The protein, dubbed “UNC-45A,” was also determined to be more active in breast cancer cells than in normal breast cells.
University of Texas Medical Branch at Galveston scientists describe these findings and others in a paper now online in the Journal of Molecular Biology.
“As a result of earlier work, we hypothesized that UNC-45A should be critical in several steps related to cancer cell metastasis,” said UTMB professor Henry Epstein. “This investigation confirmed that hypothesis, and also showed us significant aspects of UNC-45A’s behavior that were previously unknown.”
UNC-45A is what is known as a “chaperone” protein, a molecule that helps other proteins function more effectively. In the case of UNC-45A, the protein is myosin, which can be thought of as a tiny machine that interacts with a long, fiber-like protein called actin to alter cell shape and movement. In the last stage of cell division, for example, myosin and actin proteins pinch the cell tightly about its midsection, finally splitting a single cell into two daughter cells.
“What we believe is really important in this paper is that increased UNC-45A in cancer cells leads to enhanced myosin and actin activity, which leads to increased rates of cell proliferation and increased rates of cancer-cell invasion or migration,” Epstein said. “Those are critical phenomena and could be significant in the development of new therapeutic approaches.”
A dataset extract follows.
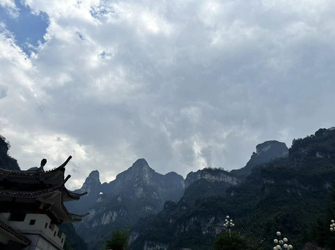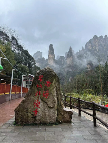 差不多中午在山下看山顶感觉还是大雾于是就坐环保车把老爸老妈先送出景区回客栈休息了,我继续前往天子山索道准备提前探探路保证明天以最快的速度游览山上景点同时父母可以少走不必要的路。

Epstein’s group measured UNC-45A’s effect on myosin and actin activity by comparing the activity observed in cells from a highly metastatic cancer cell line with that seen in cells from the same line in which UNC-45A production had been blocked. The difference was substantial, strongly suggesting that high levels of UNC-45A drove the cells’ high rate of proliferation and invasion of other tissues.
Further exploring the details of UNC-45A, the UTMB team discovered that the protein actually exists in two slightly different isoforms, one made up of 944 amino acids and the other of 929 amino acids. While these two isoforms interacted similarly with myosin, the breast cells’ protein breakdown apparatus attacked the 944 amino acid-isoform much more vigorously than the 929 amino-acid isoform; as a result, the 929 amino-acid isoform was found in much greater levels.
“In the breast cancer cells, you get a disregulation of the two, because the larger one gets turned over more rapidly than the smaller one, and we can actually see this very dramatically,” Epstein said.
Other authors of the Journal of Molecular Biology paper include graduate students Wei Guo and Daisi Chen, and Dr. Zhen Fan of the University of Texas M.D. Anderson Cancer Center. This research was supported in part by the Cecil H. and Ida M. Green Endowment.